As the center of signal transduction pathways, MAPK (mitogen-activated protein kinase, MAPK) pathway can be activated by various stimuli such as cytokines, radiation, osmotic pressure 17. Activated MAPK receives signals that are converted and transmitted by membrane receptors and carries them into the nucleus, playing a pivotal role in cell proliferation and other biofunctions. ERK widely exists in various tissues, is involved in cell proliferation and differentiation. p38, mediating inflammation and apoptosis, many of whose specific inhibitor have shown early anti-inflammatory efficacy, even the p38γ inhibitor have been used in clinical treatment of idiopathic pulmonary fibrosis 22, 23, 41. In the present study, we found that p38 and ERK were evoked by inflammatory stimuli including CLP and LPS, which could be modified by Serinc2. Considering the function of Serinc2 in membrane trafficking, our data implicate a crucial role of Serinc2-mediated membrane event in organizing transmembrane signaling transduction.
The activation of AKT mainly occurs on the cell membrane. When cells suffered from extracellular signals, activated PI3K generates PIP3 and transposes it to the cell membrane, which not only enables AKT itself to obtain catalytic activity, but also enables Both AKT and PDK-1 to be co-located on the cell membrane. PDK-1 can further catalyse AKT phosphorylation and make it fully activated, thereby regulating the phenotypes of cell proliferation, differentiation, apoptosis and migration 28, 42. Corresponding to in vivo experiments, we used an inflammatory response model of ALI induced by LPS. It was confirmed that up-regulation of serinc2 can lead to a decrease the apoptosis associated protein and reduced of TUNEL cells. Furthermore, our in vitro analyses further verify that serinc2 could inhibits apoptosis by activation of Akt, as evidenced by negligible changes in LPS-induced effects, containing elevated cleaved-caspase3, Bax and decreased Bcl2 protein expression, along with increases in TUNEL cells after AKTin pre-treatment. Additionally, previous studies demonstrating activation of PI3K/Akt signaling pathway suppresses the LPS-induced inflammatory caspases in ALI 43, 44. In the present study, we found the inhibitor of Akt blocked the protective effect of serinc2 against inflammation in ALI, implying that serinc2 prevents LPS-induced inflammation and apoptosis partially by the Akt pathway. However, it is unclear whether the special membrane trafficking function of serinc2 can activate Akt or there is a spatial interaction between serinc2 and Akt, which needs further experimental proof.

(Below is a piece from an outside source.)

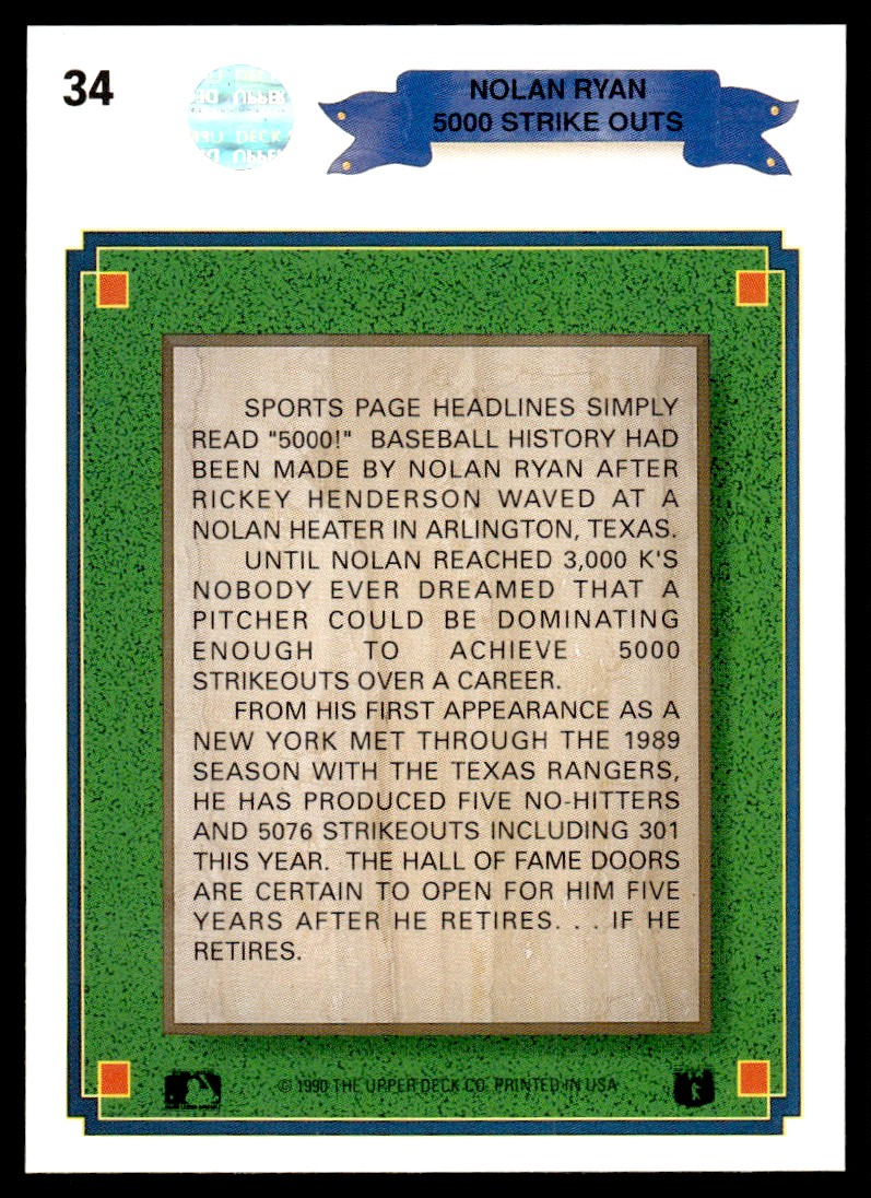 | 1990 Upper Deck Nolan Ryan Texas Rangers #34 |

COVID-19 pandemic and its subsequent development into ALI/ARDS threaten the lives of millions of people worldwide, and the adverse progress of COVID-19 is related to the severe inflammatory response and cell injury by virus infection 45, 46. COVID-19, as a specific intracellular parasitic pathogen, from the initial adsorption, penetration into host cells to the final release of progeny cells, is inseparable from the cell membrane of host cells. As an important regulator of membrane lipid synthesis, serinc2 can not only regulate inflammatory signal pathway, promote cell survival and inhibit cell apoptosis, but also can be a promising candidate in the development of new anti-COVID-19 approaches and may be an effective target to treat COVID-19 clinical complications.